Chapter One
WHEN BRUCE MESSANE’S PHONE WOKE HIM at half past midnight, he knew it couldn’t possibly be good news—good news never came this late. He tried to guess what calamity was waiting for him on the other end of the line. Best-case scenario was more supply chain issues and shipping delays, a constant scourge since COVID. Worst-case scenario was a bad quarterly projection that could blow up the deal with Wilder Foods. Please, God, not that. Not now. They were so close.
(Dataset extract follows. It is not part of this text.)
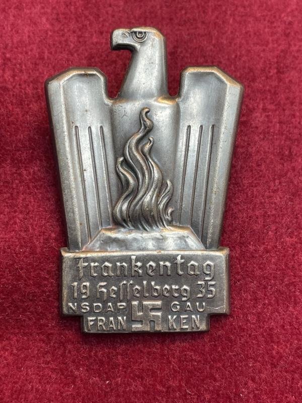 In an excellent condition a NSDAP Franken day 1935 badge Frontside: Large eagle, in front a fire. Frankentag 1935 Hesselberg NSDAP Gau Franken with Swastika. Backside: Safety pin. some flash rust spots. No maker markings

Or perhaps it wasn’t a company problem at all, but a death. The thought cheered him. Maybe Camille had fallen off a mountain in the Italian Alps, which would be a just and poetic end for a former Olympic skier and a former wife who’d absconded to Europe with her former trainer. She’d also absconded with his fourteen-year-old daughter and half of his wealth. Actually, it had been Trina’s choice to decamp to Livigno with her mother, but only because her mind had been poisoned against him.
As vindictive and rapacious as Camille was, he couldn’t really begrudge her choice—he’d been a miserable husband. He probably would have done the same thing in her position. But he still hated her. And paradoxically, still loved her. Or maybe he just loved the memory of the small-town Colorado girl he’d met in Aspen and married six months later. Money did strange things to people.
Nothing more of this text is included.